La spianata nera di Bhopal

Quella che mi accingo a descrivere è una storia che, sia per la gravità delle conseguenze sanitarie che ha determinato, sia per le ricadute sul tessuto economico e sociale subite dal territorio, può essere assimilata ad un (grave) incidente ad un impianto nucleare.
È il drammatico resoconto di quanto accadde a Bhopal, una raffinata e decadente città dell’India centrale, nel 1984, attorno alla mezzanotte di domenica 2 dicembre.
Esattamente trent’anni fa.
Ripercorriamo, preliminarmente, la storia dell’impianto della Union Carbide Corporation (UCC), allora colosso della chimica mondiale che ora non esiste più: la quota principale di quella società, infatti, risulta oggi sotto il controllo di Dow Chemical.
L’autorizzazione alla costruzione dello stabilimento sulla spianata nera di Bhopal data 4 maggio 1969 e fu emessa dal Ministero dell’Agricoltura indiano.
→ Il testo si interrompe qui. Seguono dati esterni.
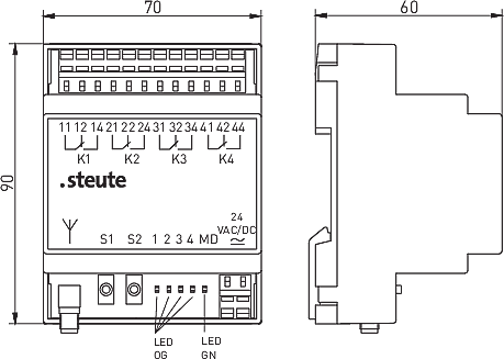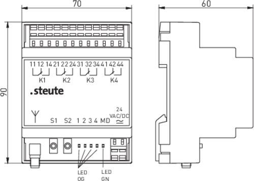 max. 24 ms (measured from the start of a radio telegram to the end of the relay contact bounce time, with 1 x repetition of the radio telegram due to transmission disturbance)

Con essa fu concessa all’UCC statunitense la costruzione di un plant per la produzione di Sevin, un carbammato, potente ed innovativo insetticida sostitutivo del DDT.
Venne autorizzata dal Governo indiano la produzione di cinquemila tonnellate all’anno di questo pesticida a fronte di una richiesta di mercato massima, stimata dall’allora Direttore della divisione dei prodotti agricoli di UCC, Eduardo Munoz, di circa duemila tonnellate all’anno. Quest’ultimo, peraltro, voce isolata nel management di UCC.
Vedremo come codesta prima scelta, 5000 t/a in luogo di 2000 t/a, letta con il senno del poi, pose su solide basi il successivo sviluppo della tragedia. La limitata modulabilità della produzione di un impianto di questo tipo determinò, in presenza di ridotte richieste di mercato, fasi di produzione massiva a fasi di sospensione delle attività dello stabilimento. Introdusse un funzionamento a singhiozzo in un impianto pensato per un ciclo continuo e costante nel tempo.
Come già indicato, lo stabilimento chimico venne costruito in un’area di 60 ettari chiamata spianata nera, uno slum urbano privo di corrente elettrica, acqua sanitaria, fognature e di tutto ciò che rende “abitabile” un qualsiasi quartiere cittadino occidentale.
Tale area risultava posta in prossimità della stazione ferroviaria e della città vecchia di Bhopal.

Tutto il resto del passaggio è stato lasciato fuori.